First American Data & Analytics Chief Information Officer Calvin Powell shared his thoughts last quarter on the evolution of data extraction technology and how that evolution is fueling the next generation of title and escrow automation. It’s true that machine learning (ML) and artificial intelligence (AI) have changed the way real estate data providers in our industry do business and expedite the time it takes to provide updated and searchable document images to the market. So much so that First American Data & Analytics has become the industry leader leveraging these techniques and continues to do so while innovating along the way.
We recently sat down with Prabhu Narsina, who manages Data Technologies and Data Science in Calvin’s group, to delve further into this topic and are excited to share just how First American Data & Analytics uses AI and ML in extracting information today, how the process used to be completed, and how the people behind the process are the most valued resource.
Q: First American Data & Analytics maintains the industry’s largest repository of document images: more than 8 billion and growing. We understand the information on these images and documents is searchable. What is involved in extracting this information and turning into a usable format?
A: Before we can dive into that question, we want to set the foundation for understanding. We are talking about unstructured documents - images of documents like deeds, mortgage, assignments, foreclosures, etc. The average county probably has about 1,000 different types of documents that it records. These documents vary from county to county across the United States. First American Data & Analytics collects all these document types from more than 2,000 counties; this means we are taking in and processing somewhere between 200,000 and 300,000 new documents every day, with each document ranging from one page to hundreds of pages.
The quality of documents is also different. Some documents could be a day old and in pristine condition, while others could date back to the 1890s. If it’s the latter, the document images may be very low quality and might have handwritten information, stamps, and/or watermarks that must be captured. Or they could be scanned tilted, vertical, horizontal, folded, reversed, etc.

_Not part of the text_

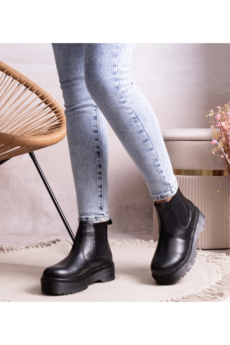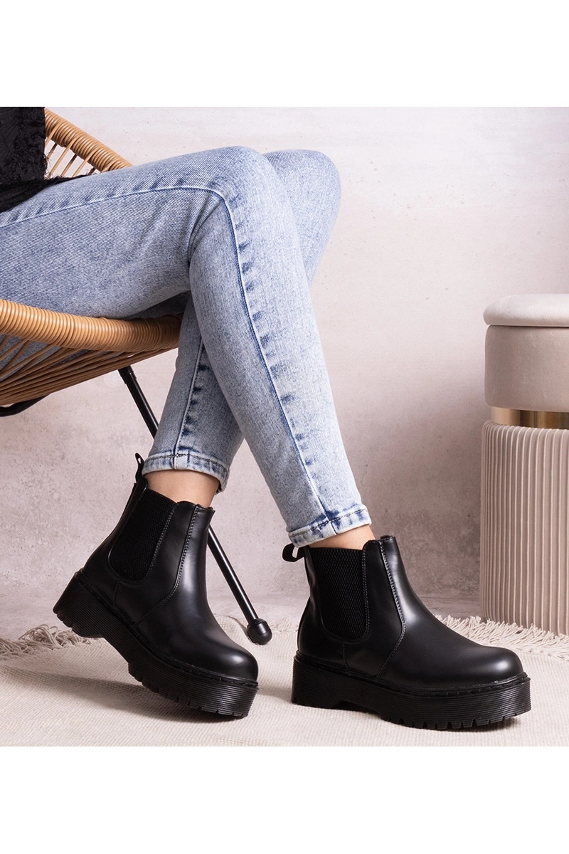 Lederstiefeletten mit fester Sohle SchZuarz und-Violette Farbe Elkiza

Knowing that is what we collect, how does First American Data & Analytics make the data on these images usable? By that we mean, how do we turn images into text so they can be read by automated tools and searched? This has been an evolutionary process that has gone on for more than a decade. During the last five or six years, artificial intelligence (AI) and machine learning (ML) have transformed and accelerated this process.

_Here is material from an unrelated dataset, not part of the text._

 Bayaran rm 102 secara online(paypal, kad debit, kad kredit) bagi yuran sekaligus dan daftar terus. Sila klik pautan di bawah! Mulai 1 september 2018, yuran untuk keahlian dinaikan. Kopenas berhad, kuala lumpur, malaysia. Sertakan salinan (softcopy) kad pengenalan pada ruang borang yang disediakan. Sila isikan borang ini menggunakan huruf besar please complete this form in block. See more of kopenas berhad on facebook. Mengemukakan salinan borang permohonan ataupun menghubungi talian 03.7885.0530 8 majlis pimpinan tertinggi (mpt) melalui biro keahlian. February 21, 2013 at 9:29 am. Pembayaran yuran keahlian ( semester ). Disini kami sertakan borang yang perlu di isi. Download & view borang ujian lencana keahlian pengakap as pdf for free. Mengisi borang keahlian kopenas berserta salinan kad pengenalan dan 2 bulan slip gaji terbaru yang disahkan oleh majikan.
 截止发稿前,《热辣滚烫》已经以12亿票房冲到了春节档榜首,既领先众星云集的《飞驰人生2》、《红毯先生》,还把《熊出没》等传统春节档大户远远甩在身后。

Q: Can you walk us through how it was done before AI, and how it has progressed?
A: Historically, First American Data & Analytics and other major data providers captured critical real estate information manually using double-key and verify processes. This was just what it sounds like: two processors would each enter the same information and the result would be compared using software that identified the differences. This was the process because it worked well with documents that were challenging to early Optical Character Recognition (OCR) technology, such as forms with handwriting on them. But it was expensive and slow.
To control cost, usually no more than 40 to 50 fields on a form would be captured. We knew that we were leaving a lot of valuable information on the table by not extracting all data elements that could be on a single image, perhaps as many as 400 to 500.

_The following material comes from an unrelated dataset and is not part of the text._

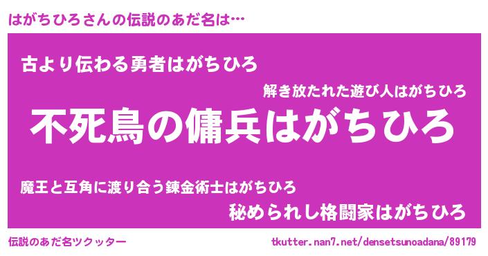 | ヒーロー風カッコイイあだ名 | 『スーパーハガチヒロ』『仮面ハガダー』 |

A little over 10 years ago, we started building our text version of document images that used OCR leveraged Lucene/Elastic search to automate data capture. This was successful up to a point, but we could see there was more that could be done.
Fast forward to the 2017-2018 timeframe. We started exploring how machine learning could transform information extraction. During the past five or six years, the combination of ML and OCR have allowed First American Data & Analytics to increase the number of fields captured to more than 450, increase the number of counties by four-fold, and do this with only a minimal increase in cost.
Q: Can you give us a deeper dive into how you are using machine learning?
A: One of the first steps of the ML exercise is to automate the process of identifying document type using the ML Classification technique. For example, we leverage simple XGBoost binary classification as well as modern, transformer-based and multiple ensemble models to achieve document recognition accuracy greater than 96%. This means we are only off by decimals compared to human accuracy. To achieve these high accuracy rates, we are very proactive in retraining and tuning the models, so they recognize more than 1,000 document classes across more than 2,000 counties.
The next major step of the process is information extraction. We have developed multiple ML Named Entity Recognition (NER) relationship extraction models to accomplish this. In the process, we leverage multiple ML techniques starting from simple Natural Language Processing (NLP) to more advanced bi-directional long- and short-term memory networks, used in deep learning, to extract the critical fields that make up more than 60% of our volume.
Interestingly, while the huge volume of what we process is a challenge in one respect, it is also a big advantage in another because it enables the active learning part of ML. The combination of deep learning and traditional methods let us see multiple occurrences of the same entities and relationships in the same document, and them link in information to the right entities and relationships.
We have developed very sophisticated workflows that take in hundreds of thousands of documents and images each day that go through multiple steps and several ML models to get document class, NER / Relation extraction, non-personal information detection, and much more. This platform allows us to onboard a new workflow quickly and is built on cloud architecture where we scale the infrastructure based on the document workload entering our system, allowing us to meet our service level agreements with not much additional cost.
In fact, by using deep learning inferences in sequence, rather using batch inference, we’re getting even faster and the technology on our platform is reducing our costs by a factor of 10.
Q: Tell us a little bit about your team and what's next?
A: We have great leadership in our organization. Calvin Powell encourages and drives innovation, making it easy to try new things and keep getting better. We have a great data science team led by Madhu Kolli who has deep experience and passion in machine learning and data and analytics.
These complex problems gave birth to new ideas and techniques, which resulted in filing multiple patents in ML and deep learning during the last couple of years. So far, we have successfully processed billions of document images and more than 100 million documents through multiple ML models designed for historical documents.
We still have a lot more improvements to make in extraction to reduce cost and to develop more data and AI products and services. As we know, success feeds success, and we are working on many projects within the different business units in the First American organization that are solving for these interconnected issues.